In a letter to the Senate HELP committee, the MGMA said, “In general, the government should not establish a fixed payment amount for out-of-network services. A fixed payment rate could undermine patient access to in-network care because health plans have less incentive to contract in-network clinicians if they can rely on a default out-of-network payment rate.”
In contrast, Gilberg praised New York‘s law on out-of-network billing, which requires arbitration between physicians and plans when the latter think that physicians’ bills are too high. This system seems to work, he said, and it gives both sides some means to negotiate.
Flaw in California Law
Paul Ginsburg, PhD, professor of health policy and director of public policy at the Schaeffer Center for Health Policy and Economics at the University of Southern California, attributes the unanticipated consequences described in Duffy’s article to a flaw in the California out-of-network billing law.
The problem is that the state Department of Managed Health Care (DMHC) calculates the average contracted rate on the basis of current payments to providers. Secondarily, it uses each payer’s own rates, rather than the average of all payment rates in the area, he told Medscape Medical News.

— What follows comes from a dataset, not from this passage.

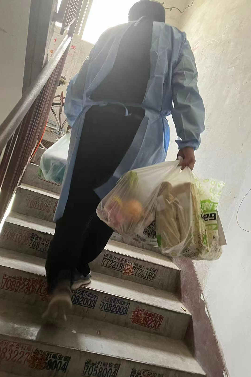 有一分热,发一分光。在经过专业人士培训和做好个人防护的前提下,他积极配合医护人员挨家挨户上门进行核酸采样,主动学习承担每日居民信息登记录入,确保全员核酸“不漏一户、不落一人”,保证核酸检测工作有条不絮地进行。当他穿着厚厚的防护服爬上六楼后,呼吸不畅、视线模糊,深深体会到了医护人员的辛苦和不易。工作顺利完成后,才发现整个防护服和衣服都被汗水浸透。这样的工作日复一日,每场核酸检测都要提前到场核对物资,协助检测人员做好防护工作,他从来没有一句怨言。

These features provide a bigger incentive for payers to lower rates in cases in which they were paying physicians more than the standard rate.
In contrast, according to the study, the state Department of Insurance, which regulates the payers that the DMHC doesn’t, uses insurers’ 2015 contracted rates, adjusted for inflation, to calculate the out-of-network payment standard. “This approach seems less apt to affect in-network rates or trigger the physician consolidation and workforce instability that interviewees reported in this study,” Duffy writes.
Citing this conclusion, Ginsburg said that the Senate HELP bill is not likely to produce lower payments to in-network physicians or increase consolidation of providers because it uses an historical benchmark that encompasses all of the payers in a market. In fact, he said, it’s likely that the bill’s authors learned from the California experience.
Ginsburg said that although he doesn’t know much about the impact of the New York law, he suspects it has led to higher payments to physicians than the benchmarking approach would have, because of the parameters it imposes on arbitrators.